In the materials classified as Mott insulators, correlations among the spin, charge, orbital1 and lattice degrees of freedom yield rich phases and related physical phenomena such as metal-insulator transition2, colossal magnetoresistance3, and multiferroicity4. The orbital degree of freedom in transition metal ions arises when the t2g and e g orbitals, split from d orbitals by crystal fields, are not fully occupied. If a nondegenerate ground state is determined by the Jahn-Teller distortion, the so-called ferro-type orbital order is set where all the ions are in the same orbital state. An orbital state in one ion influences the orbital state in the neighboring ion through chemical bonding. If there remains some degeneracy in the orbital states for electrons to occupy, an orbital order other than the ferro-type can arise due to this orbital interaction. The orbital order and lattice distortion influence each other as the Jahn-Teller distortion determines the orbital order5. Interplay between orbital and spin orders is generated6 through the spin-orbit interaction in an atom and the Kugel-Khomskii interaction7, which determines whether the neighboring orbital state is stable for ferromagnetic or antiferromagnetic spin orders. The simultaneous occurrence of the structural and magnetic phase transitions observed in MnV2O4 is one clear example of the strong interplay among the orbital, spin, and lattice.
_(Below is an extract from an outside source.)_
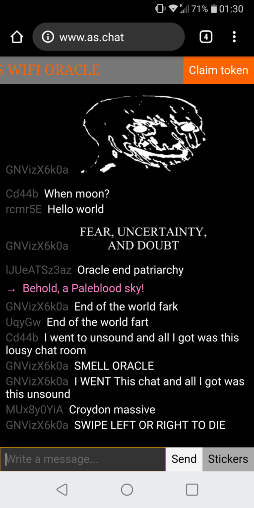 Amnesia Scanner’s recent album Another Life features the voice of Oracle, a software stack processing outsourced vocal work from online freelance marketplace Fiverr, manifesting as the third member of the group. The ‘AS Oracle’ live show introduces this new member across media, as the crowd is invited to join an ad hoc Wi-Fi network with a dedicated chatroom where Oracle is also present during the concert. Usernames are anonymised and anyone in the IM chatroom can share words or Amnesia Scanner-themed stickers, while the ‘chatbot’ Oracle also weighs in. The user base of fans incline the conversation towards self-referential memes, in-jokes, commentary on the music and frequent, transgressive attempts to test the limits of the technosocial construction. Oracle’s responses are in essence a simulation of the Turing test, while the encouragement to look down and stare at one’s phone during Amnesia Scanner’s performance flies in the face of live music convention and adds a new dimension to being present. The group take this idea one step further, triggering the webpage’s background to flash oranges and yellows during particularly intense moments of the music. Through logging in and participating in the chat, the audience inadvertently become proxy strobes for the artists, their phones now lighting fixtures to be weaponised at whim.

MnV2O4 has a spinel structure in which Mn2+ ions are in tetrahedral (A) sites surrounded by four oxygen ions at the corners, with V3+ ions in octahedral (B) sites surrounded by six oxygen ions(Fig. 1(a)). Mn2+ ions are in the 3d5 high spin configuration (S = 5/2) with quenched orbital angular momentum, while V3+ ions have the 3d2 spin configuration in a triply degenerate t2g orbital. The structural change from the cubic to the tetragonal phase occurs at 53~57 K8, 9, almost simultaneously with the magnetic phase transition from the paramagnetic to the non-collinear ferrimagnetic state10. Theory also predicts an orbital order for V ions; therefore, this observation is believed to imply that the orbital order mediates the interaction between the spin and the lattice. What theory predicts is that the Jahn-Teller distortion at the VO6 octahedron splits the triply degenerated t2g orbital of a V ion into a nondegenerate xy orbital at the ground level and doubly degenerate yz and zx orbitals at the higher energy level. One of two V electrons occupies the xy orbital at every V site but the second electron has freedom in the degenerate state. It can occupy yz and zx states alternatively in the antiferro-orbital order or the superposition of these states in the ferro-orbital order. The type of the orbital order in MnV2O4 has been controversial over the last decade11,12,13,14,15,16. The debate appears to converge by concluding that the actual state is a mixture of the real and complex orbital orders; that is, the order is somewhere between the antiferro- and ferro-orders17, 18. This is one reason why experiments cannot ascertain the distinct type of orbital order; another reason is that the orbital order has not been observed directly. MnV2O4 is suitable for the study of the orbital order and the lattice in the sense that no other interactions are involved in the structural distortion.

Figure 1
figure 1

(a) Spinel oxide MnV2O4. The small white circles denote O2− ions. Large blue circles in the tetrahedral (A) sites surrounded by four oxygen ions are Mn2+ ions. Large red circles in the octahedral (B) sites surrounded by six oxygen ions are V3+ ions. (b) Magnetostriction: the short axis of the tetragonal unit cell is aligned along the external field direction. The short axis flips following the net magnetic moment that rotates from the z-axis to the y-axis with the external field. (c) The spin and orbital states of MnV2O4 viewed along the [001] direction. The arrows represent four different directions of the V3+ magnetic moments, which are approximately 65° away from the axis opposite to the Mn moment aligned along the c-axis. Identically colored arrows are in the same basal plane. The blue circles represent manganese ions. (d) With the macroscopic easy axis flipping, the orbital state also changes the symmetry axis.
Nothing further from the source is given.